The two chambers conducted their business separately under their respective presidents (speakers) and vice presidents, who were chosen from among the membership. Under the Constitution, the president of the Senate was automatically the speaker of the National Assembly and in that capacity was empowered to play a strategic role in the selection of the prime minister.

In the 1980s, lower house members demanded that their president, rather than the president of the upper house, have a decisive role in the process of selecting the prime minister. This policy was necessary, they said, because the House of Representatives, not the military-dominated Senate, collectively represented the will of the electorate. A bill to amend the Constitution to make the lower house speaker the president of the National Assembly was introduced in 1986 but failed to pass.

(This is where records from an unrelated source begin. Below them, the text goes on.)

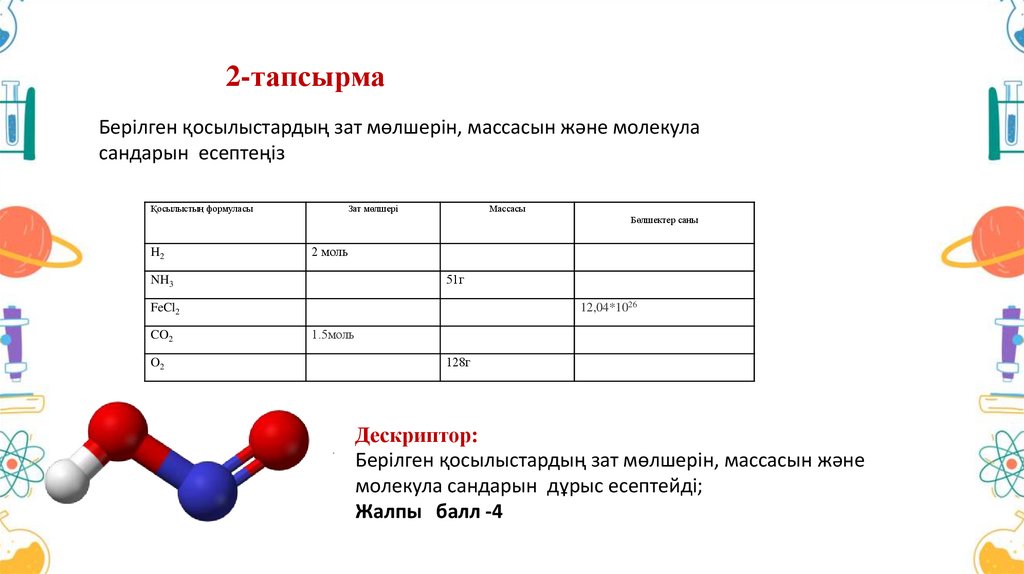 2-тапсырмаБерілген қосылыстардың зат мөлшерін, массасын және молекула
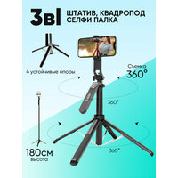 Штатив для телефона, 3 в 1, 180 см, селфи палка , квадропод для смартфона, держатель напольный, настольный, для съемки, черный: сравнение цен, характеристики, фото, актуальное наличие и цены.
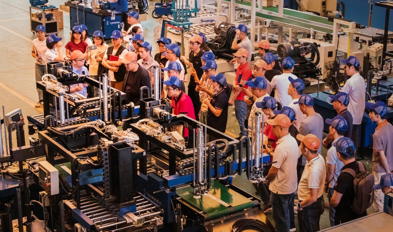作為主辦方的艾樂博機(jī)器人總經(jīng)理農(nóng)百樂先生,對各位嘉賓的到來表示了熱烈的歡迎。他帶領(lǐng)著將士們走進(jìn)工廠生產(chǎn)線,讓大家親身體驗(yàn)艾樂博在智能數(shù)字化運(yùn)營方面的成就。生產(chǎn)線上,機(jī)器的轟鳴聲與人們的討論聲交織在一起,大家認(rèn)真傾聽,積極交流,對數(shù)字化裝備的成效贊不絕口。
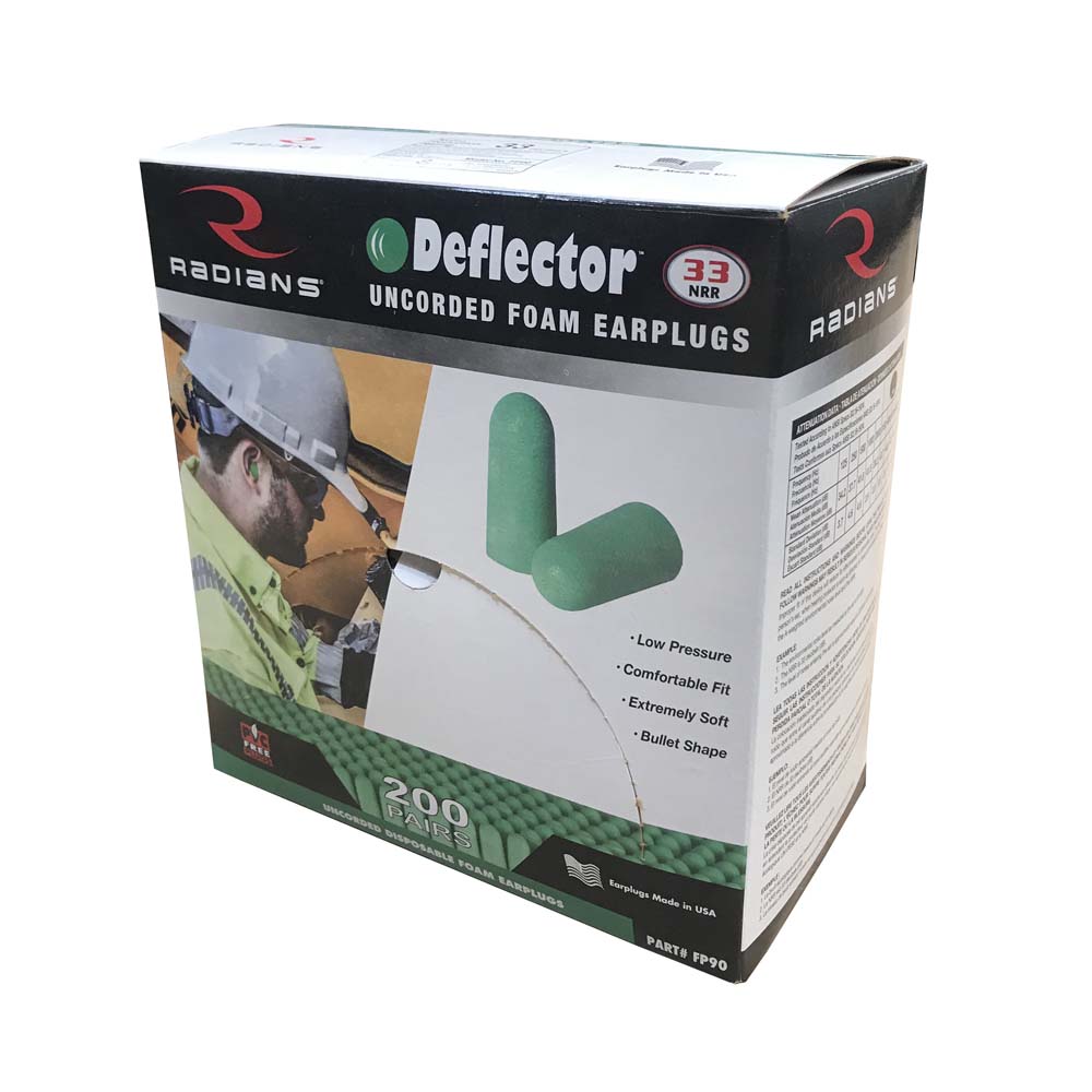 Tested according to ANSI specs S3.19-1974, Radians Made in the USA disposable foam earplugs feature soft, slow-recovery foam for extreme comfort and outstanding noise reduction to protect your hearing. They are easy to roll down and insert, and they expand slowly for a low-pressure fit in virtually any size ear canal. They are conveniently packaged in individual polybags to keep each pair clean.
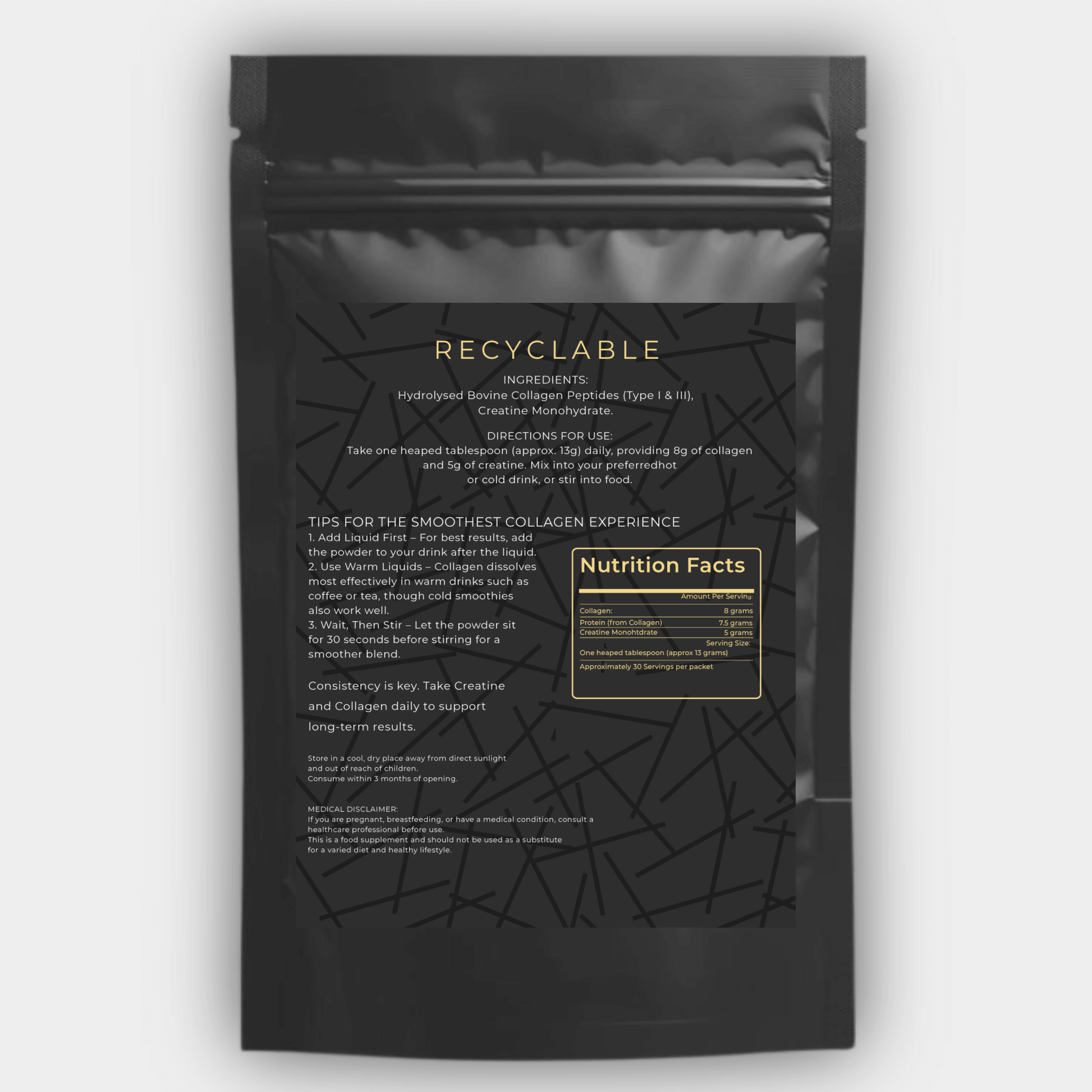 Per serving: 8 g hydrolysed collagen + 5 g creatine monohydrate

In 1987 the customary role of the Senate as a major vehicle for the power of the bureaucracy and a counterweight to the elective lower house remained little changed, even though its stature seemed to have diminished somewhat after April 1983. At that time, certain senatorial powers granted under temporary clauses of the Constitution expired despite the army’s efforts to have these clauses extended.

Under these clauses, the Senate had had the power to deliberate jointly with the lower chamber on annual appropriation bills, on “an important bill relating to the security of the Kingdom, the Throne, or the national economy,” and the power to vote on no-confidence motions. The army and its political allies in parliament failed to have the clauses extended because of factious squabbles. If they had succeeded, the military’s political power would have been enhanced greatly.

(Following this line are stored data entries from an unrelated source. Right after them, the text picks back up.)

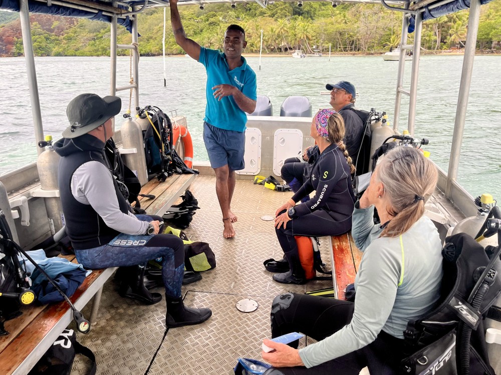 After an 11-hour overnight flight from LA, a long wait in Nadi, then short flight to Kadavu, we were met by 2 staff from Oneta, David & George. They carried our bags while we walked to the nearby beach & waded to the Oneta boat. The ocean was somewhat choppy, so the boat ride took 1-1/2 hours to get to the resort. As the boat pulled close, a large group of the staff was there to greet us with a Fijian song, ending in a rousing “BULA”! We were briefed by the general manager Richard and the dive & activities manager Anne, then escorted to our bure. The bed was adorned with towel swans, hibiscus flowers and “Bula ... Subscribe to get the full story. For Subscribers Only  Active subscribers continue reading here
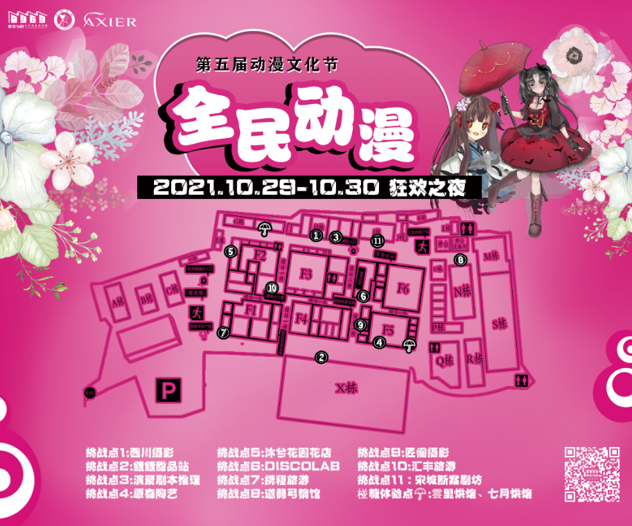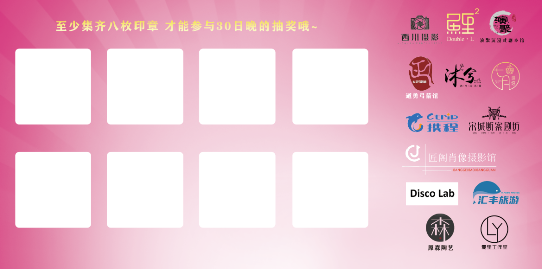 挑战夺宝 | 西川摄影、鲤鲤甜品站、演聚剧本推理、原森陶艺、沐兮花园花店、DISCOLAB、携程旅游、道勇弓箭馆、匠阁摄影、汇丰旅游、宋城断案剧坊 | 10月27日-29日 16:30-21:00 10月30日 16:30-19:00 |
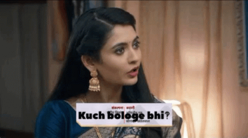 Mhrw Pallu, wearing a blue saree, asks "Kuch bologe bhi?" (Will you say something?) in this dramatic scene.

The lapse of the transitory provisions, however, did not affect the Senate’s power to address such matters as the appointment of a regent, the royal succession, reconsideration of a bill vetoed by the prime minister, constitutional interpretation, a declaration of war, the ratification of treaties, the appointment of members of the Constitutional Tribunal, and constitutional amendments. In joint sessions senators also could render their opinion on any aspect of affairs of state to the prime minister when requested to do so by the latter. Such opinion was advisory and nonbinding.

Bills could be introduced only by the Council of Ministers or the members of the House of Representatives. Major legislation originated mostly in the cabinet, but only the lower house, with the prior endorsement of the prime minister, could initiate an appropriations bill. An ordinary bill had to be sponsored by a political party and endorsed by at least twenty party members. Bills were passed by a majority, the quorum being not less than one-half of the total members of either house in which the bills originated.

A bill passed by the House was sent to the Senate. The Senate was required to act on an ordinary bill within ninety days and on an appropriations bill within sixty days. If the Senate failed to act in either case, the bill was considered to have been consented to by the Senate, unless the lower chamber had extended the time. Disagreements between the two houses were resolved by a joint committee. When the dispute pertained to an appropriations bill and the lower house voted to reaffirm the bill it had originally passed, the prime minister was required to present the bill to the king for his assent and promulgation. At that point, the prime minister could exercise his important legislative role. He might advise the king to approve or veto the bill; in the latter event, the National Assembly needed two-thirds of its total membership to override the royal objections (actually the prime minister’s objections).

Members of the assembly, who had parliamentary immunity, could question formally a cabinet minister or the prime minister on any appropriate issue except one in which executive privilege was involved. A motion of no-confidence against either an individual minister or the cabinet en masse could be initiated only by members of the lower house. Such a motion required an affirmative vote of at least one-half of the lower house membership. Senators could not take part in no-confidence debates.